We recently had an issue in an environment that I am looking after that caused the VPXD.exe (vcenter server service) to use 100% of the memory allocated to a machine, plus all the disk space on the server (as the page file was set to system managed and just kept growing) until the server stopped responding.  After much investigation, the following lines were noted in the vCenter server log (appearing a lot).  The error is as follows:

[05444 error 'Default'] SSL StreamImpl::DoServerHandshake (0000000028a34600) SSL_accept failed with Unexpected EOF
[05444 warning 'ProxySvc'] SSL Handshake failed for stream TCPStreamWin32(socket=TCP(fd=5470) local=<vcenter IP>, peer=<remote client connection>), error=SSL Exception: Unexpected EOF

That error message basically translates to a VI Client instance connecting in to vCenter, when this occurs, each connection consumes additional memory which isn't released.  In our case, we had an incident where the VM Tools instance was ripped out of a management server, this management server used the VMXNET 3 driver.  In its unusual state it was polling the vCenter server a large number of times a minute (like it was flapping). Once VMware Tools was reinstalled on the management server, vCenter calmed down and returned back to a normal amount of memory usage.

Tuesday 23 April 2013

VMware VRM Server not able to connect to local vCenter Server

If you install the VRM Server as part of vSphere Replication (this problem is from version 5.0.2) you may see this error in the hms log file.  The HMS logs are located on the VRM itself under /opt/vmware/hms/logs.  You can see how to get these logs from KB2013091.

The error is as follows:

2013-04-12 11:01:14.526 WARN hms.configuration [mai]
(..hms.cfg.VcExtensionChecker) | Extension login failed:java.lang.RuntimeException:

java.util.concurrent.ExecutionException: com.vmware.vim.binding.vim.fault.InvalidLogin:
Inheritied from com.vmware.vim.binding.vim.
fault.VimFault:
Inheritied from com.vwmare.vim.fault.
InvalidLogin:  Cannot complete
login due to an incorrect user name password.

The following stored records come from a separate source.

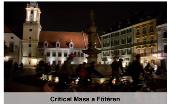
Critical Mass a Főtéren

A szlovák főváros méretét tekintve biztosan „élhetőbb”, mint Budapest – 450.000 lakójával nagyjából negyedakkora. Valahogy több hely jut az embernek az utcán, a buszon, a parkban és a biokávézóban is... ☺ Bár a város délkeleti szélén hatalmas kőolaj-finomító működik, a Pozsonyt átfújó szelek gondoskodnak a levegőminőségről. Autó jóval kevesebb van, a budapesti értelemben vett dugó jóformán nem létezik, legalábbis a pár perces lámpára várakozást nem lehet annak nevezni... Arányaiban mintha több lenne itt a sétálóutca is, szinte a teljes belváros, a vár és a Duna-menti rakpart is a gyalogosoké/bringásoké! A tömegközlekedés (trolli, busz, villamos) kiváló, mindenhova el lehet jutni vele és meglepően olcsó, egy 15 perces jegy 220 Ft, egy egyórás, korlátlan átszállásra jogosító jegy 370 Ft.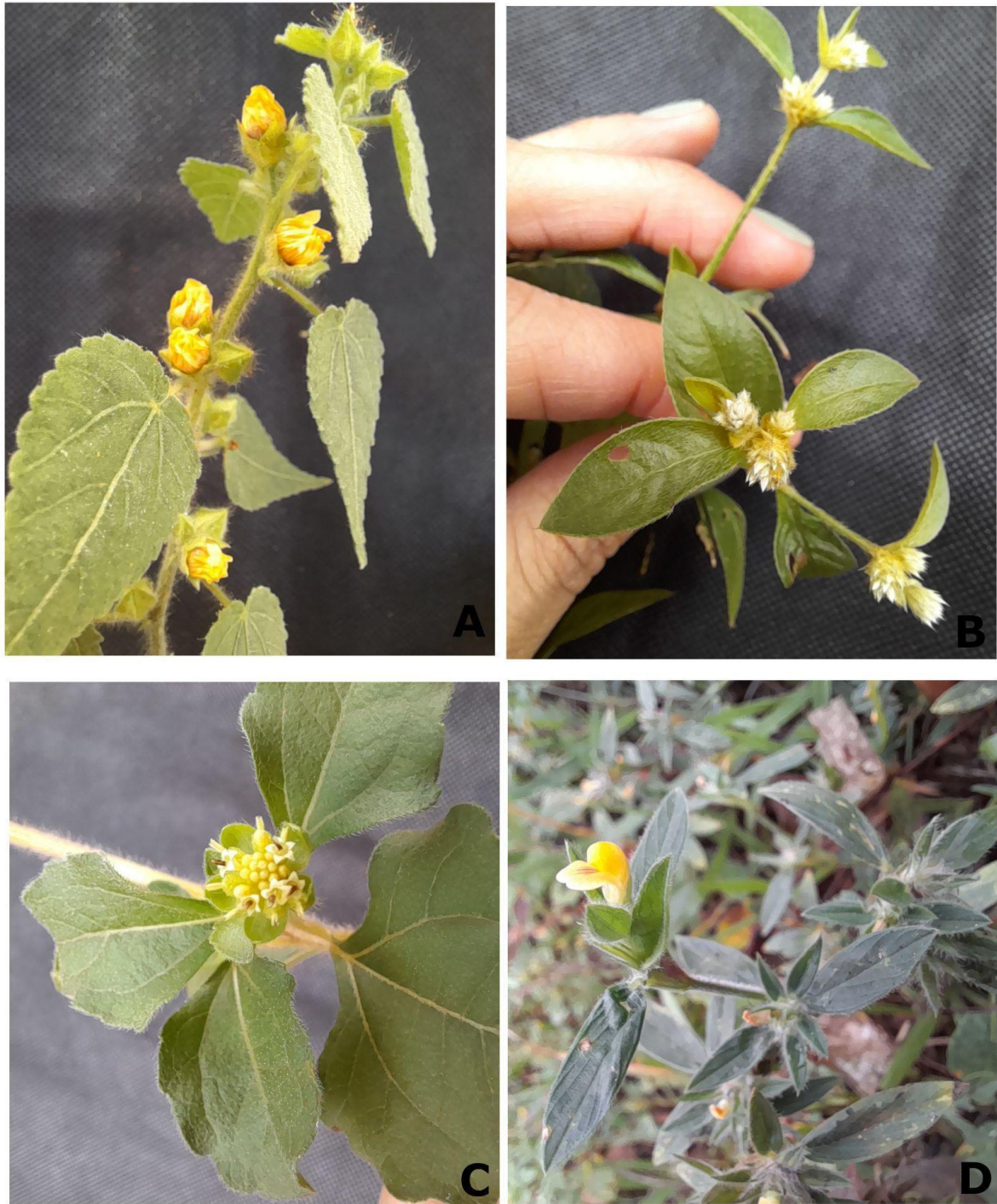
Figura 8: A: Sida urens L. (coleta 19); B: Alternanthera sessilis (L.) R. Br. Ex DC. (coleta 22); C: Acanthospermum rispidum (Loefl.) Kuntze (coleta 24); D: Stylosanthes viscosa (L.) Sw. (coleta 25). (Elaborado pela autora)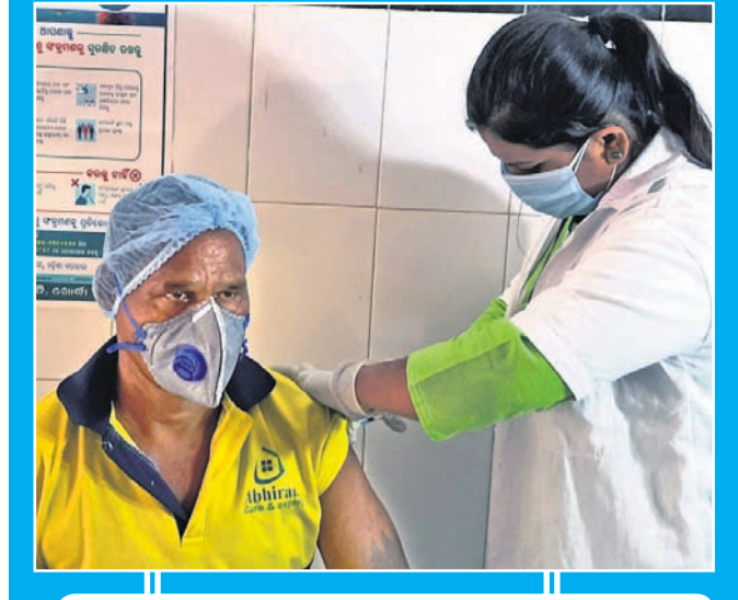
ଖୋର୍ଦ୍ଧା ମୁଖ୍ୟ ଚିକିତ୍ସାଳୟରେ ଜଣେ ସଫେଇ କର୍ମଚାରୀଙ୍କୁ ଟିକା ଦିଆଯାଇଛି।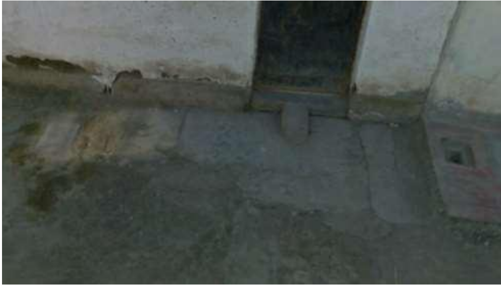
Ilustración N° 11. CALLE EL CARMEN -Cuadra 02– Vereda margen Derecho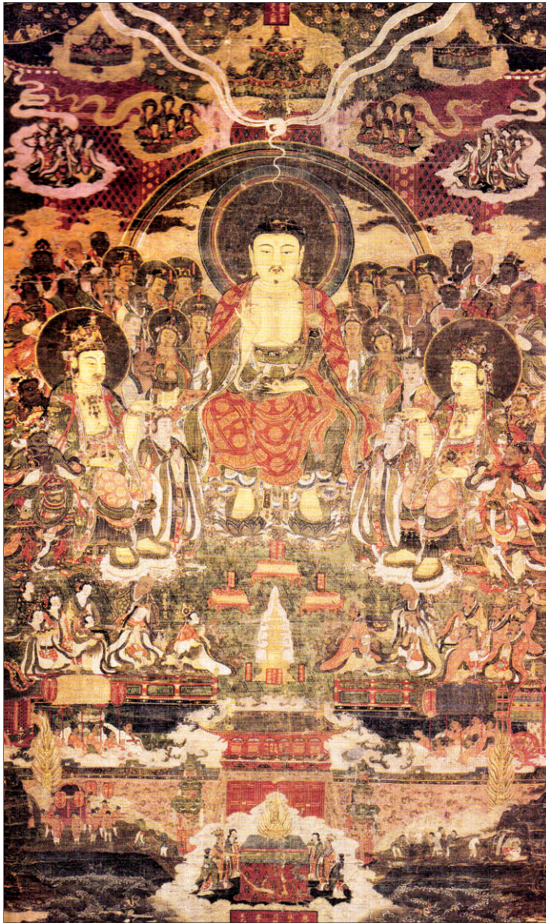
일본 서부서에서 소장된 ‘관경심육경변상도(202.8 x 129.8cm, 비단에 채색, 고려 시대)’. 정토삼부경 가운데 하나인 <관무량수경>의 <정종본>을 도해한 장면이다. 불교의 극락 정토에 왕생할 수 있는 열여섯 가지 관상법과 그 이후 나투는 아미타 정토의 장엄한 모습을 자세하게 풀어 그렸다. 가운데가 삼단으로 나뉘어 있는데 상품, 중품, 하품의 중생들이 연꽃에 연꽃으로 태어나고 있다.

제9관을 통해 마침내 아미타부처님의 진신을 친견하고, 이어서 관세음보살과 대세지보살의 진신도 친견한다. 아미타불을 보았을 때의 감격과 아름다움을 경전에서는 다음과 같이 기록하고 있다.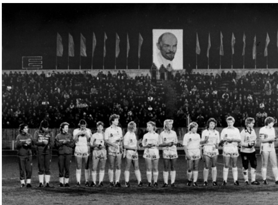
Första damfotbollsmatchen på sovjetisk mark. Alnö möter Vittangi från Norrbotten på Leninstadion i Sotji 1984. Stolt uppställning inför 7 000 åskådare och en övervakande Lenin.

Ett årligt tvådagarsarrangemang där sport och nöje giftes samman till alnöbornas och sundsvallsdits stora uppskattning. I allmänhet arrangerades Idrottens Dag första helgen i juli vid Slädavikens IP. Boxning och brottning fanns ofta på programmet, liksom lokala fotbollsmatcher. Men lika viktigt vara den festliga inramningen. Dans naturligtvis på dansrotundan Hawaii. Gästspel av artister som Truxa och Ulla-Bella Gabrielsson. Mest uppskattad aktivitet var kanske ändå "Gissa vikten på laxen". Dag två fick den hållas vid liv med hjälp av sockerdricka i akvariet, påstår minnesgodaste festdeltagare. Under de femtio år som Idrottens Dag arrangerades var den en av föreningens viktigaste inkomstkällor.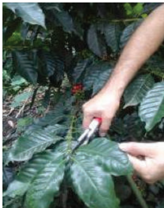
Toma de muestra foliar en cultivo de café.

El análisis foliar constituye una metodología sumamente eficiente para evaluar la nutrición del cultivo, especialmente en lo relacionado con la cantidad de micro elementos. Para el efecto, se muestrean de 50 a 60 pares de hojas, recolectando al azar, en varios puntos del cafetal, en al menos 40 cafetos / hectárea, las hojas debe estar en pleno desarrollo, ubicando a las que están en el cuarto par, contadas a partir de la punta de las ramas ubicadas en el tercio superior de la planta, se debe evitar tomar hojas en mal estado, con daños mecánicos, afectadas por plagas o enfermedades, residuos de polvo, agroquímicos, etc. Las hojas son empacadas en fundas de papel (no plástico) y entregadas en laboratorio máximo 24 horas después de su recolección.

Now, the problem is that your VRM Server needs to not only communicate to the vCenter on HTTP (TCP 80) it also needs to do the initial connection when the services start on HTTPS (TCP 443).  This was the case in the environment I was working in due to firewalls between the two.  If the VRM Server can only talk to vCenter on 80, it will fail to fully communicate to vCenter.  Once you open up HTTPS between vCenter and the VRM Server, login to the admin page https://<ip of your vrm server>:5480 to restart the services.  It should then connect.  If this is the case for your environment, you will need to follow KB2019120 in order for vCenter to show the health status correctly on the health page for the VRM.  You will also note that KB1009562 which is the Port Number reference for SRM and its' components do not state that this port is required.  I could not get communication functional between the same site vCenter Server and VRM Server until both TCP 80 & 443 were allowed through the firewall to the vCenter server.  I would also allow the VRM server to talk to the remote site vCenter server on HTTP and HTTPS (the kb article only states TCP 80).